Bail Bloc, which calls itself a “cryptocurrency scheme against bail,” wants to use the excess computing power on your laptop to mine cryptocurrency, the financial rewards of which will be donated to the Immigrant Bail Fund, a nonprofit which covers the cash bails of migrants held in ICE detention facilities. This week, Bail Bloc’s parent organization, a publication called The New Inquiry, announced it will match all funds generated by the program.
Users can download Bail Bloc’s software, which allows them to donate between 10 to 50 percent of their computer’s processing power toward mining the cryptocurrency Monero. The software simply runs in the background as the user goes about their normal, logged-on business, and, for most people, 10 percent of a computer’s power is not enough to have any impact on a device’s performance. Mining a cryptocurrency simply means that a user provides computing power to a cryptocurrency’s blockchain in order to solve a cryptographic puzzle that proves a transaction happened between two people. In return for the computing power, blockchains automatically reimburse those who provide the computing power with newly created cryptocurrency. Since cryptocurrencies (still) have some value in dollars, Bail Bloc exchanges the amount that its miners receive, transfer it into dollars and send those dollars to the Immigrant Bail Fund at the end of each month.
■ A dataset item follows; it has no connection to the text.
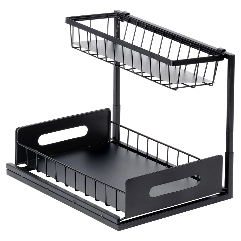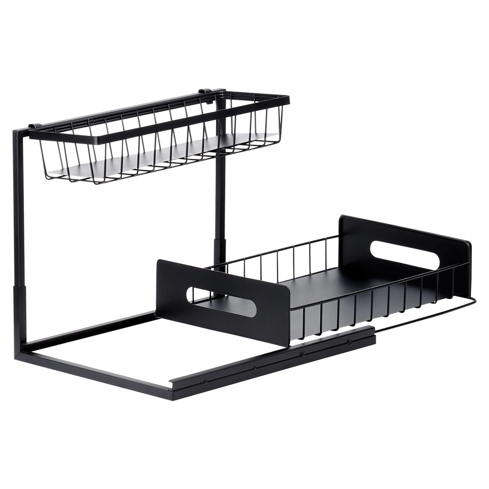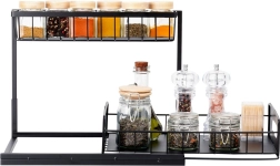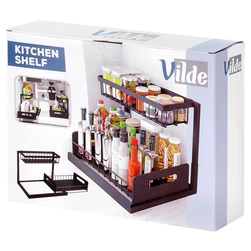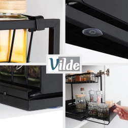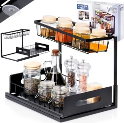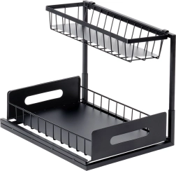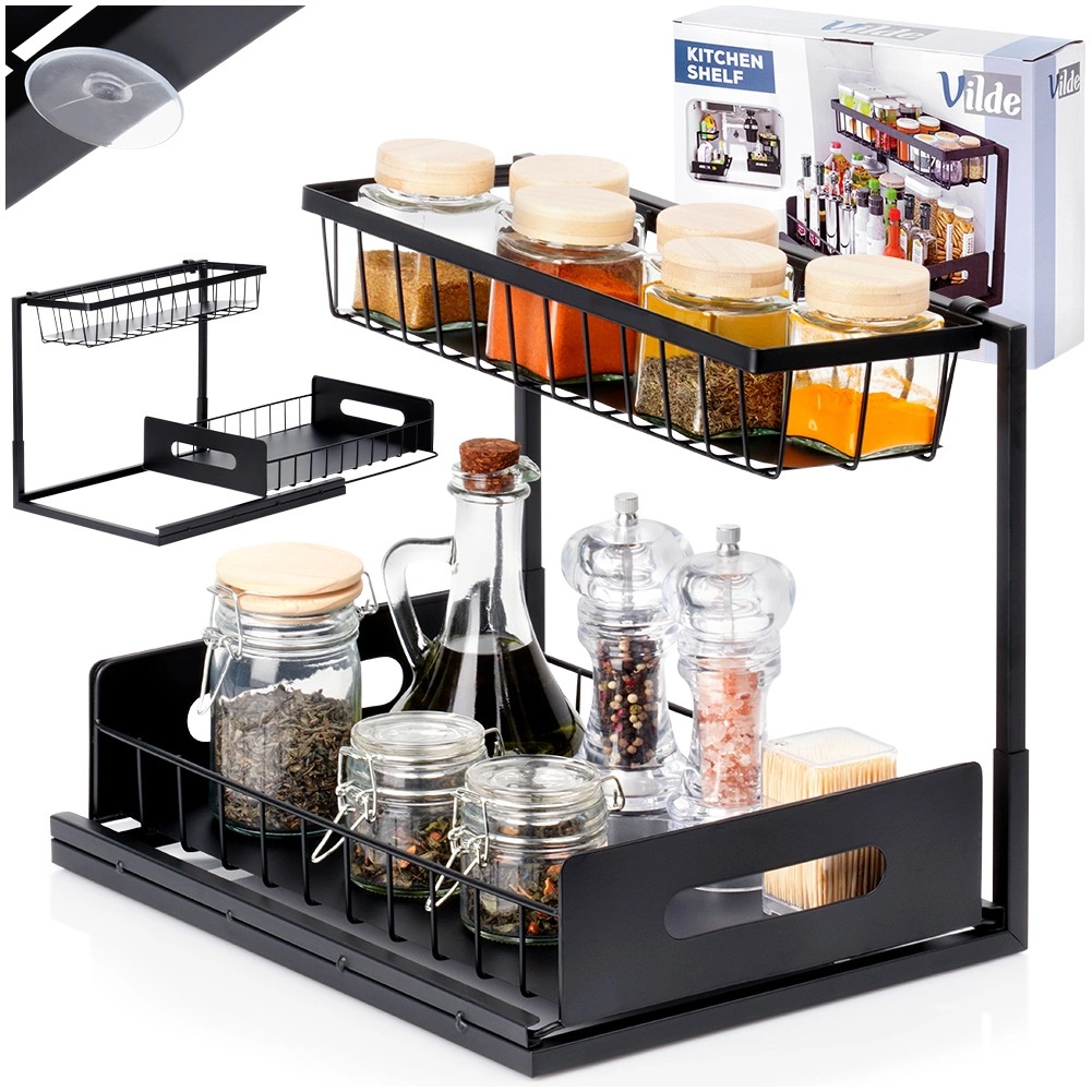 Praktická dvojúrovňová kuchynská polička s výsuvnou dolnou zásuvkou z pevného kovu v čiernej farbe udrží koreniny, poháriky a drobné kuchynské doplnky prehľadne na jednom mieste. Výsuvná spodná polícia uľahčuje prístup, stabilná konštrukcia zabezpečuje odolnosť a bočné úchyty pohodlné prenášanie. Vhodná do skriniek, pod drez aj na kuchynskú linku.
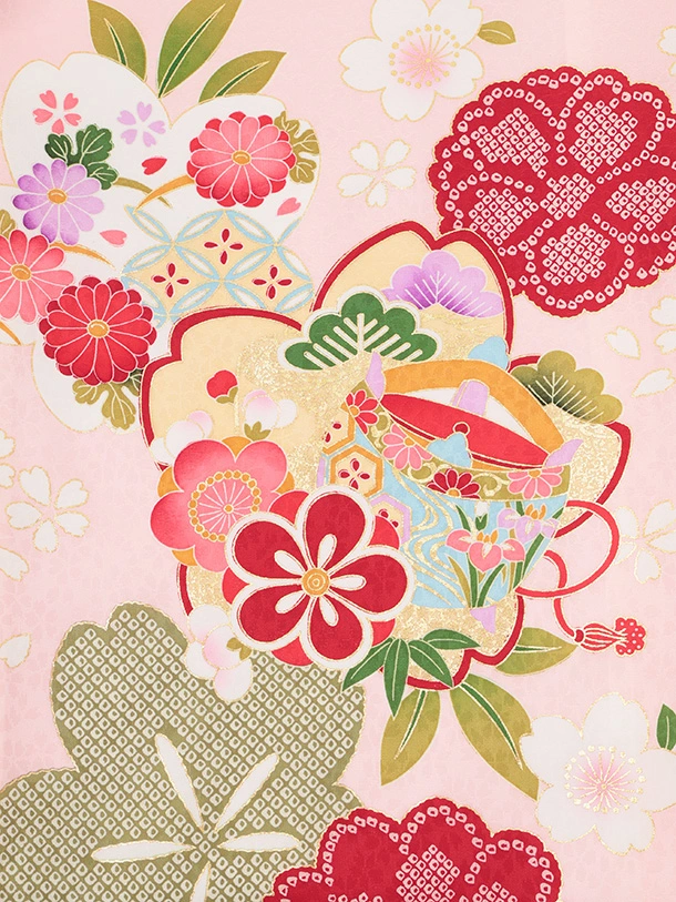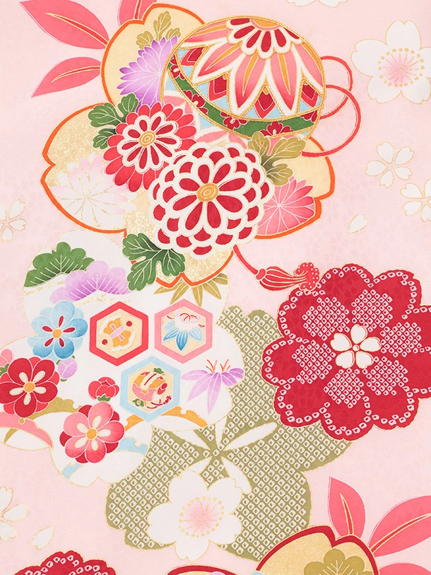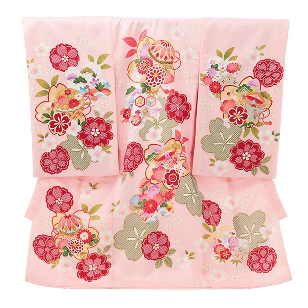 女児産着 お宮参りレンタルR053 【正絹】ピンク地 桜にまり

Bail Bloc came about after The New York Times Magazine published “The Bail Trap,” in 2015, which detailed the ways in which the justice system relies on plea bargains over time-consuming court dates, and how people held on bail often take plea bargains rather than sit in jail waiting for their day in court.
“This is basically what poor people are offered as an alternative to justice,” Grayson Earle, the co-creator of Bail Bloc told Observer by phone Wednesday morning. “With the rise of cryptocurrencies, we wanted to take some of that speculative energy and make it do something actually useful.”
According to a report from the Daily Beast, an average of 44,000 migrants are held in detention by ICE on any given day. Those detained are often arrested by police or by immigration agents and are unable to prove legal status in the country. Similar to criminal imprisonment, those arrested are often held in detention centers with cash bail. If a migrant can’t pay their bail, they simply can’t leave their imprisonment, which can stretch for weeks and sometimes months or years. And being able to make bail can have a significant impact on migrants.
“While 97 percent of people in ICE prison without counsel are eventually deported, 68 percent of those who bond out prevail in their cases,” according to the Immigrant Bail Fund.
When migrants do return for their court dates, the bail money is returned, and it’s this feature of being able to use the same money over and over for new people that allows bail funds to function.
“With enough downloads over time, the compounding revenue generated from Bail Bloc has the potential to help secure the release of thousands of immigrants from ICE detention,” Bail Bloc writes on its site. “The project of abolition extends to all forms of detention: abolish cash bail, abolish prisons, abolish ICE, abolish the militarized border.”